Se pose aussi la question de la pression économique que les décisions des magistrats peuvent engendrer. Lorsqu'elles se retrouvent face à la SNCF, Air France ou Airbus, les familles peuvent être amenées à s'interroger sur les motivations de la décision du juge. Cela a, par exemple, été le cas à la réception de l'ordonnance de non-lieu écartant Airbus de toute responsabilité dans la catastrophe aérienne la plus meurtrière en France : les familles se sont demandé s'il n'y avait pas eu des consignes.

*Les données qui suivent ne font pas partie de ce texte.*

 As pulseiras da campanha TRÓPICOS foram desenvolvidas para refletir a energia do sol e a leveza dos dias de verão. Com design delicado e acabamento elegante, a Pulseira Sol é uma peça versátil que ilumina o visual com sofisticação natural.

Un autre enjeu, notamment en matière d'accident à l'étranger, est celui de la coopération internationale des États concernés, dont la bonne volonté varie en fonction de leurs relations diplomatiques avec la France. Le poids des répercussions sur la manifestation de la vérité et les diligences effectuées par les magistrats est lui aussi variable. Dans l'affaire du crash d'EgyptAir, par exemple, nous sommes face à un pays qui refuse d'admettre la thèse de l'accident, malgré les éléments probants dont on dispose, et maintient celle d'un acte terroriste. Alors que les familles attendent la manifestation de la vérité et la justice dont elles ont besoin pour avancer dans leur processus de deuil et de résilience, un État y fait barrage.

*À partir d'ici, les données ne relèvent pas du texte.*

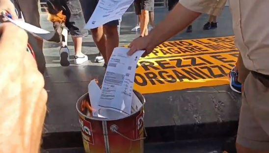 İtalya’nın Napoli kentinde belediye binasının önüne gelen binlerce gösterici, elektrik faturalarını yakarak hükümeti ve belediyeyi protesto etti.

Enfin, s'agissant du décret DataJust, nous craignons que certains outils puissent nuire à la qualité des décisions des magistrats, qui sont nécessairement empreintes d'humanité. Comme je l'ai expliqué, dans les matières qui nous concernent, le nombre est un défi. On peut comprendre le réflexe naturel qu'aurait un magistrat à user d'un outil en apparence simple et rapide et qui permet, sur le papier, d'assurer une certaine égalité. En revanche, nous nous opposons depuis toujours à la création de barèmes, même si nous sommes favorables à la mise en place de bases de données exhaustives et prenant en compte les discussions préalables avec l'assureur et le fonds, les arguments des avocats et le contexte général. Il s'agit, en effet, que les indemnités reprises dans cet outil soient contextualisées et objectivées autant que faire se peut. La difficulté, avec les référentiels, est que les indications retenues sont plus ou moins sorties de leur contexte pour devenir une norme. Notre crainte est que l'on s'éloigne un peu trop du principe de l'individualisation, qui constitue pour nous un principe fondamental de la réparation et qui est extrêmement important pour les victimes de drames collectifs et leurs familles, car ces événements d'ampleur entraînent la perte de leur individualité : c'est donc aussi une façon de restaurer ce qu'elles ont perdu.